▶ _Work instructions_
Leaving out every picture, output the records below exactly as they are.

▶ _Records_
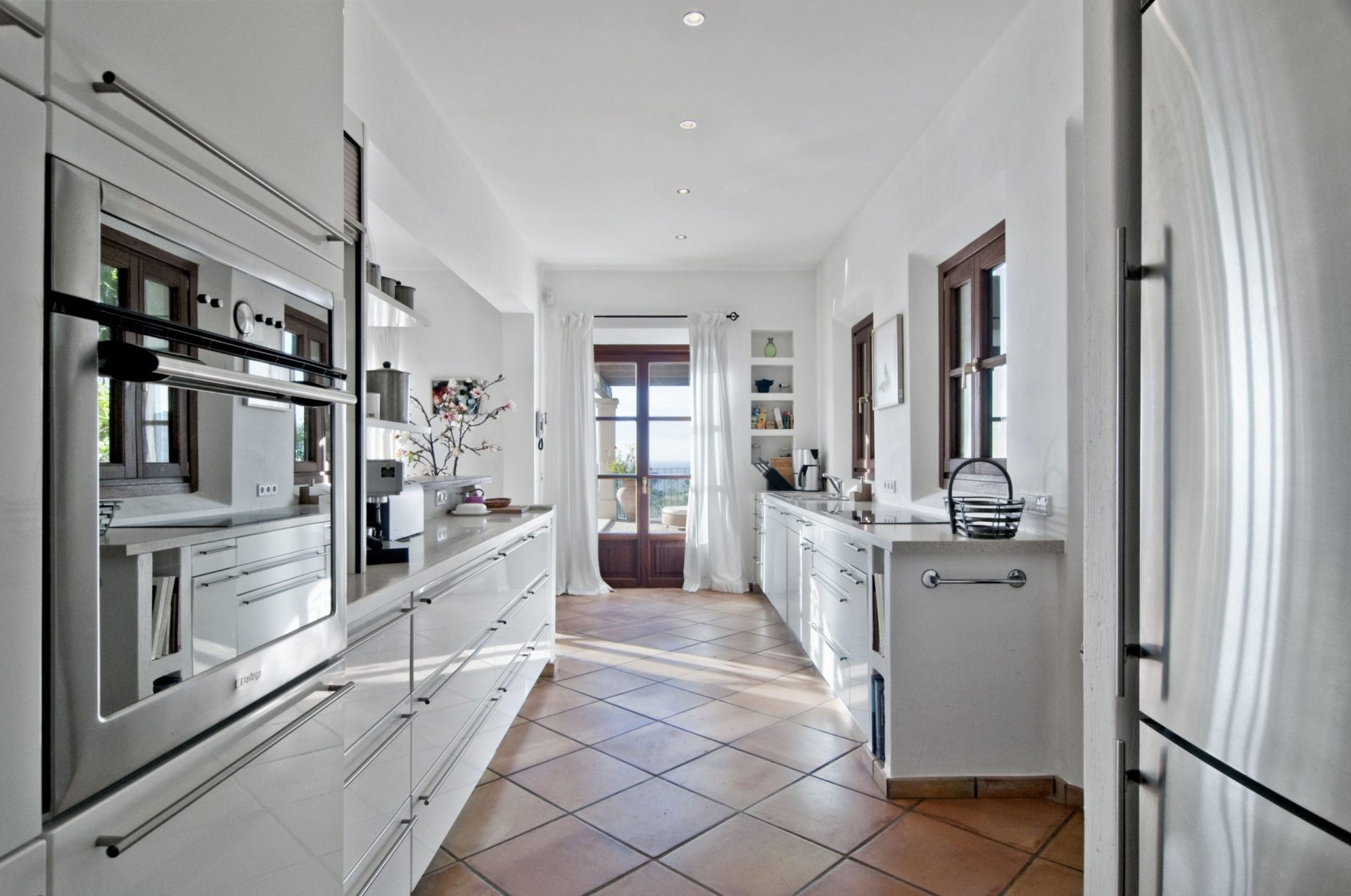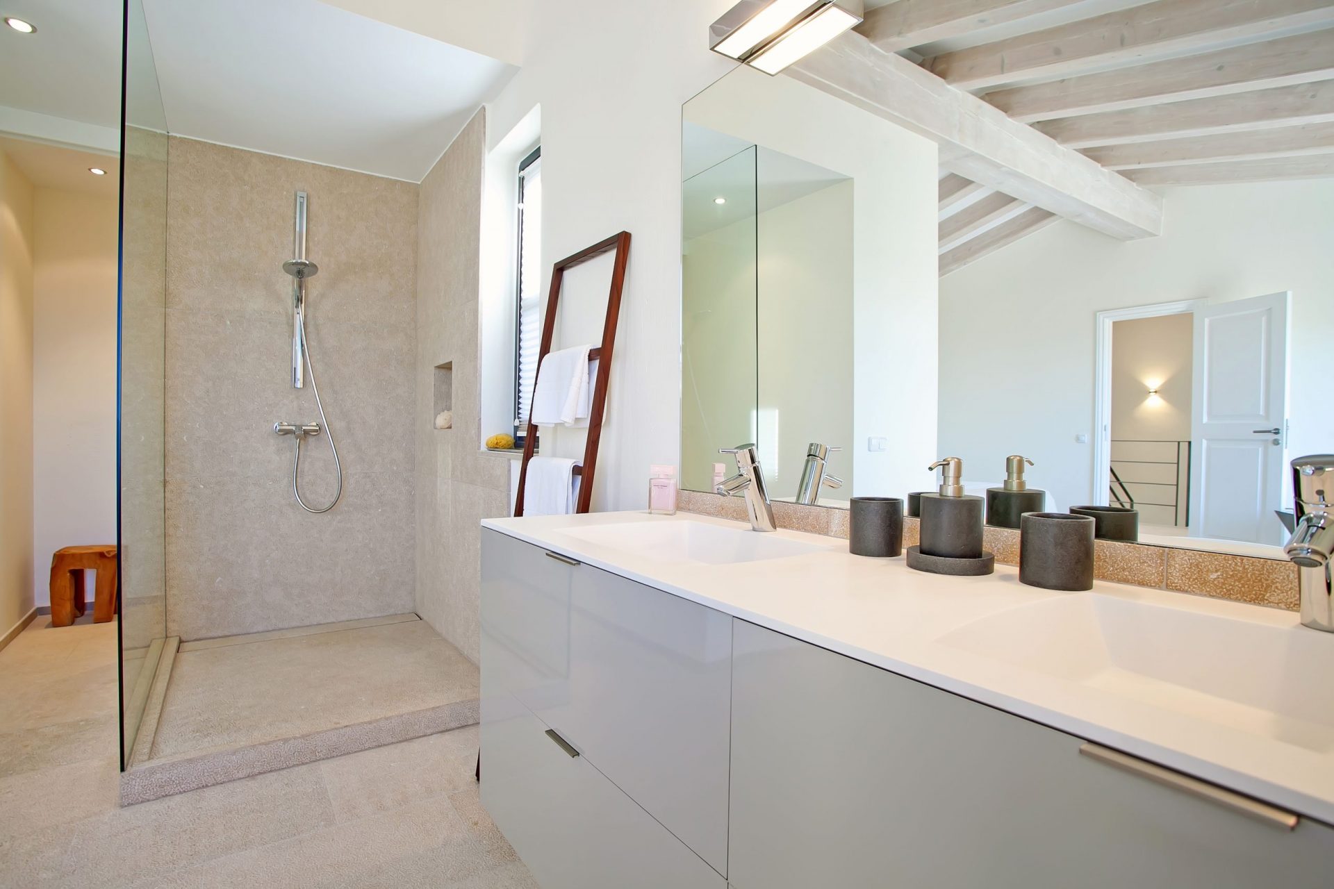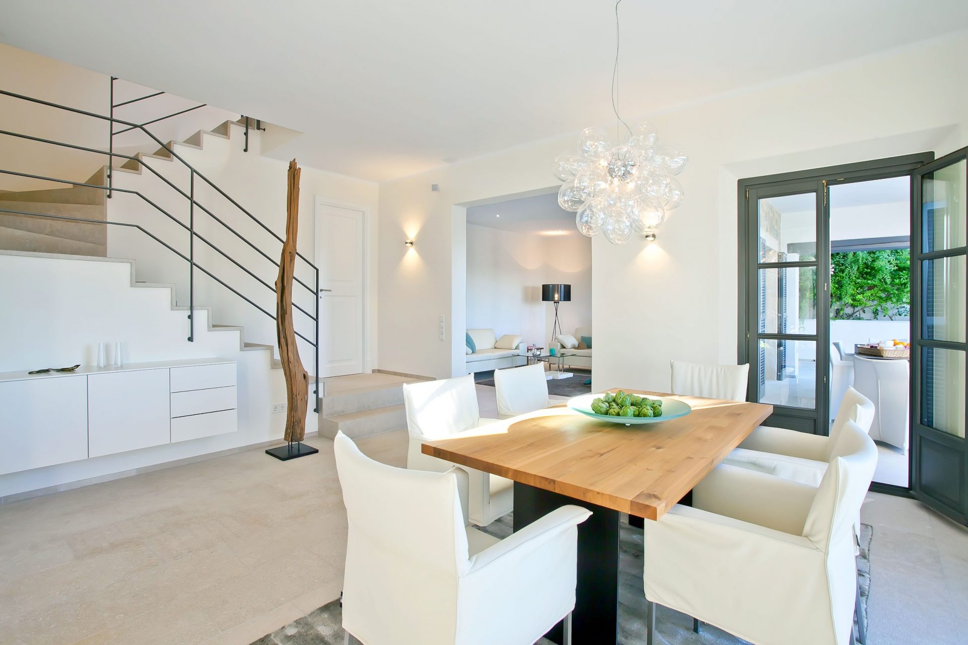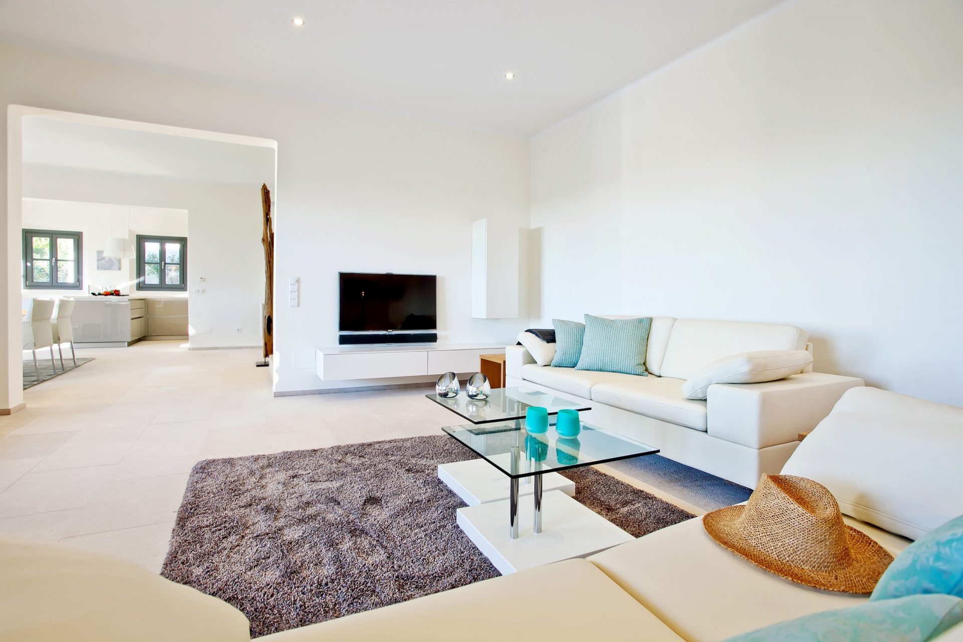 Dem gesamten Innenbereich wurden helle Wände, Steinböden, weiße Holzbalken und große Fenster hinzugefügt, um eine helle und geräumige Atmosphäre zu schaffen. Zudem verfügt die Villa über drei Schlafzimmer mit en-suite Badezimmern, von denen aus man den wunderschönen Ausblick genießen kann.
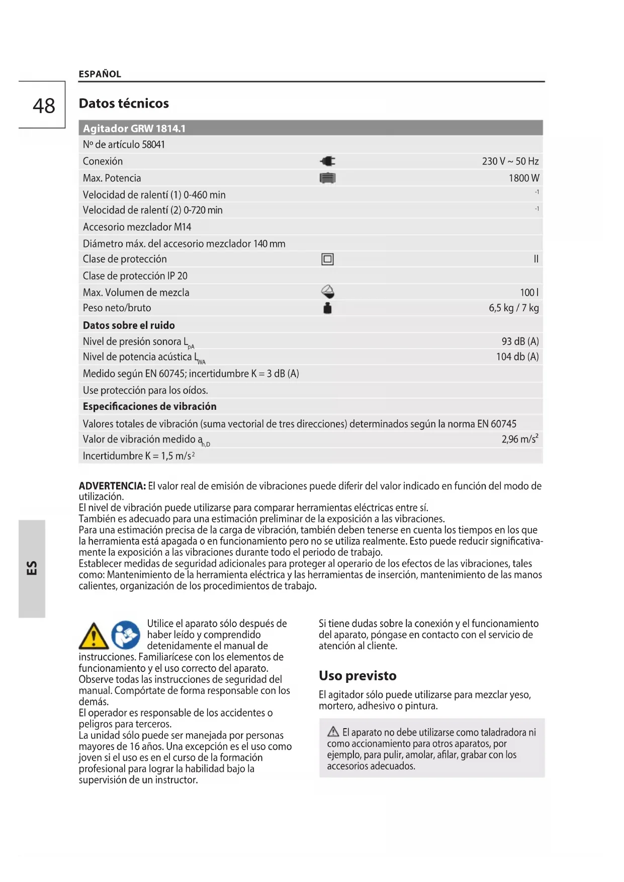 ADVERTENCIA: El valor real de emisión de vibraciones puede diferir del valor indicado en función del modo de utilización. El nivel de vibración puede utilizarse para comparar herramientas eléctricas entre sí. También es adecuado para una estimación preliminar de la exposición a las vibraciones. Para una estimación precisa de la carga de vibración, también deben tenerse en cuenta los tiempos en los que la herramienta está apagada o en funcionamiento pero no se utiliza realmente. Esto puede reducir signicativa- mente la exposición a las vibraciones durante todo el periodo de trabajo. Establecer medidas de seguridad adicionales para proteger al operario de los efectos de las vibraciones, tales como: Mantenimiento de la herramienta eléctrica y las herramientas de inserción, mantenimiento de las manos calientes, organización de los procedimientos de trabajo. Utilice el aparato sólo después de haber leído y comprendido detenidamente el manual de instrucciones. Familiarícese con los elementos de funcionamiento y el uso correcto del aparato. Observe todas las instrucciones de seguridad del manual. Compórtate de forma responsable con los demás. El operador es responsable de los accidentes o peligros para terceros. La unidad sólo puede ser manejada por personas mayores de 16 años. Una excepción es el uso como joven si el uso es en el curso de la formación profesional para lograr la habilidad bajo la supervisión de un instructor. Si tiene dudas sobre la conexión y el funcionamiento del aparato, póngase en contacto con el servicio de atención al cliente. Uso previsto El agitador sólo puede utilizarse para mezclar yeso, mortero, adhesivo o pintura. El aparato no debe utilizarse como taladradora ni como accionamiento para otros aparatos, por ejemplo, para pulir, amolar, alar, grabar con los accesorios adecuados.49
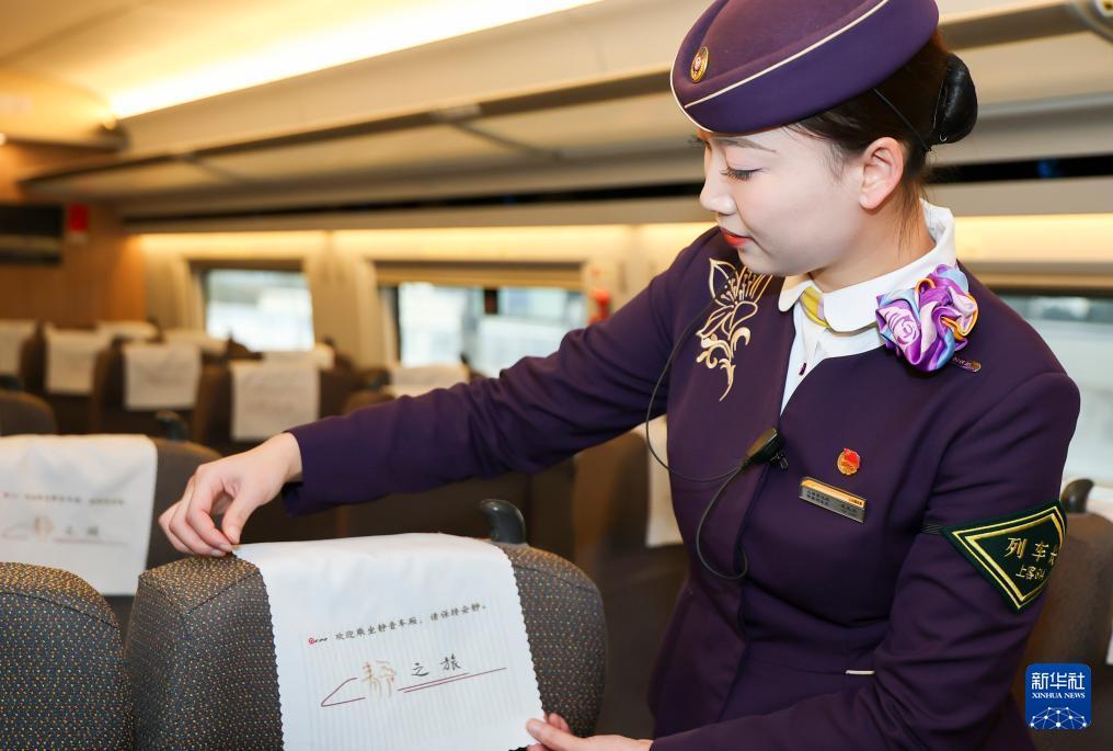 2月1日,铁路上海客运段列车长在G12次列车上整理静音车厢标语。 自2月1日起,高铁“静音车厢”服务将拓展至除动卧列车之外的“D”字头、“G”字头部分列车,全国铁路提供“静音车厢”服务的列车将超8000列。 新华社记者 王翔 摄
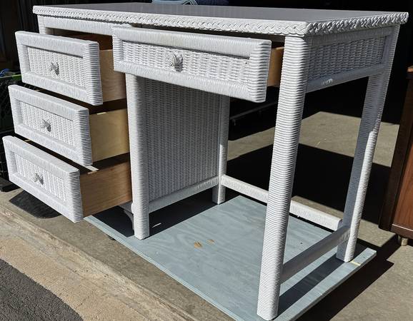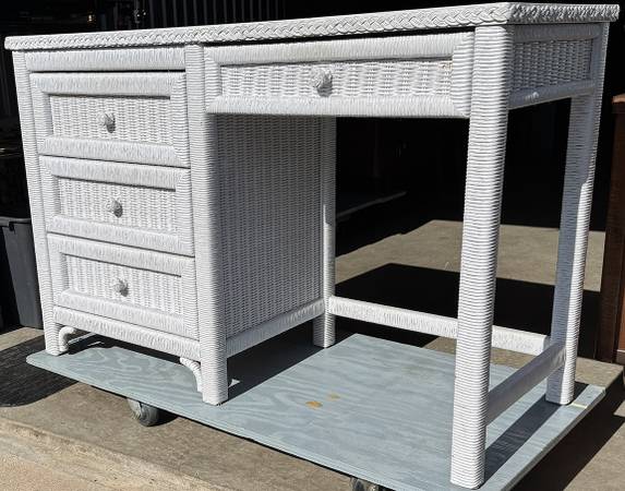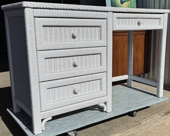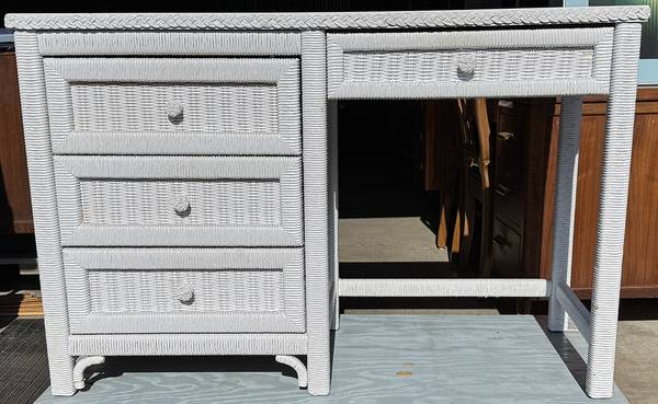 Vintage Cape Cod Cottage White Wicker 4 Drawer Desk by Lexington $200 firm 46.5" wide x 19.5" deep x 30" tall Click "more ads by this user" to see more desks $50 curbside delivery for reasonable...
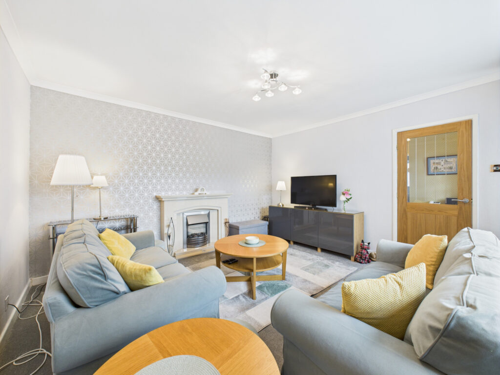 Step through the front door into a neatly enclosed entrance vestibule, which opens into a bright and welcoming hallway. Immediately, the home’s warmth and sense of space become apparent, with a neutral colour palette and well-maintained finishes throughout. The hallway also features a staircase rising to the first floor, cleverly adding to the home’s versatile layout. The lounge, located to the front of the property, is a tranquil and elegant space. A large bay window floods the room with natural light, while the neutral décor offers the perfect canvas for your own personal style. Whether it’s relaxing on a quiet evening or entertaining guests, this room offers a wonderful sense of comfort and calm.
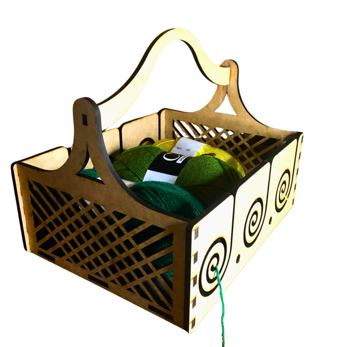 Sit jou wolle in die mandjie, voer die draad deur die gleuf en voilà!
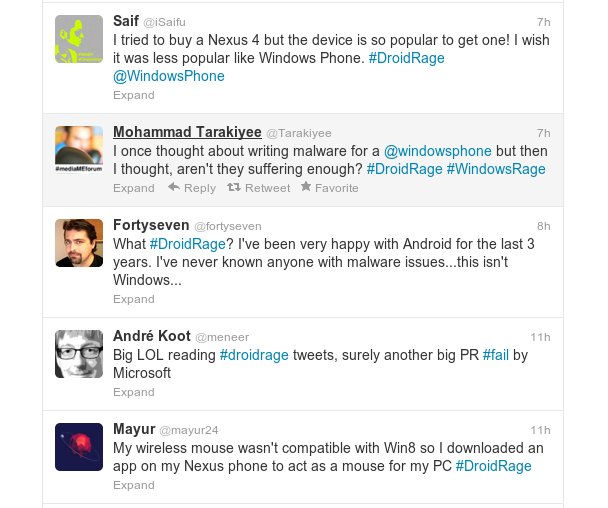 事緣Microsoft希望藉著@WindowsPhone Twitter戶口,去踩Android手機有malware(惡意軟件);Microsoft呼籲網民張貼Android被Malware襲擊的恐怖事件,並加上#DroidRage tag。Microsoft更會送出Windows Phone與張貼者。

▶ _Written response_
 Dem gesamten Innenbereich wurden helle Wände, Steinböden, weiße Holzbalken und große Fenster hinzugefügt, um eine helle und geräumige Atmosphäre zu schaffen. Zudem verfügt die Villa über drei Schlafzimmer mit en-suite Badezimmern, von denen aus man den wunderschönen Ausblick genießen kann.
 ADVERTENCIA: El valor real de emisión de vibraciones puede diferir del valor indicado en función del modo de utilización. El nivel de vibración puede utilizarse para comparar herramientas eléctricas entre sí. También es adecuado para una estimación preliminar de la exposición a las vibraciones. Para una estimación precisa de la carga de vibración, también deben tenerse en cuenta los tiempos en los que la herramienta está apagada o en funcionamiento pero no se utiliza realmente. Esto puede reducir signicativa- mente la exposición a las vibraciones durante todo el periodo de trabajo. Establecer medidas de seguridad adicionales para proteger al operario de los efectos de las vibraciones, tales como: Mantenimiento de la herramienta eléctrica y las herramientas de inserción, mantenimiento de las manos calientes, organización de los procedimientos de trabajo. Utilice el aparato sólo después de haber leído y comprendido detenidamente el manual de instrucciones. Familiarícese con los elementos de funcionamiento y el uso correcto del aparato. Observe todas las instrucciones de seguridad del manual. Compórtate de forma responsable con los demás. El operador es responsable de los accidentes o peligros para terceros. La unidad sólo puede ser manejada por personas mayores de 16 años. Una excepción es el uso como joven si el uso es en el curso de la formación profesional para lograr la habilidad bajo la supervisión de un instructor. Si tiene dudas sobre la conexión y el funcionamiento del aparato, póngase en contacto con el servicio de atención al cliente. Uso previsto El agitador sólo puede utilizarse para mezclar yeso, mortero, adhesivo o pintura. El aparato no debe utilizarse como taladradora ni como accionamiento para otros aparatos, por ejemplo, para pulir, amolar, alar, grabar con los accesorios adecuados.49
 2月1日,铁路上海客运段列车长在G12次列车上整理静音车厢标语。 自2月1日起,高铁“静音车厢”服务将拓展至除动卧列车之外的“D”字头、“G”字头部分列车,全国铁路提供“静音车厢”服务的列车将超8000列。 新华社记者 王翔 摄
 Vintage Cape Cod Cottage White Wicker 4 Drawer Desk by Lexington $200 firm 46.5" wide x 19.5" deep x 30" tall Click "more ads by this user" to see more desks $50 curbside delivery for reasonable...
 Step through the front door into a neatly enclosed entrance vestibule, which opens into a bright and welcoming hallway. Immediately, the home’s warmth and sense of space become apparent, with a neutral colour palette and well-maintained finishes throughout. The hallway also features a staircase rising to the first floor, cleverly adding to the home’s versatile layout. The lounge, located to the front of the property, is a tranquil and elegant space. A large bay window floods the room with natural light, while the neutral décor offers the perfect canvas for your own personal style. Whether it’s relaxing on a quiet evening or entertaining guests, this room offers a wonderful sense of comfort and calm.
 Sit jou wolle in die mandjie, voer die draad deur die gleuf en voilà!
 事緣Microsoft希望藉著@WindowsPhone Twitter戶口,去踩Android手機有malware(惡意軟件);Microsoft呼籲網民張貼Android被Malware襲擊的恐怖事件,並加上#DroidRage tag。Microsoft更會送出Windows Phone與張貼者。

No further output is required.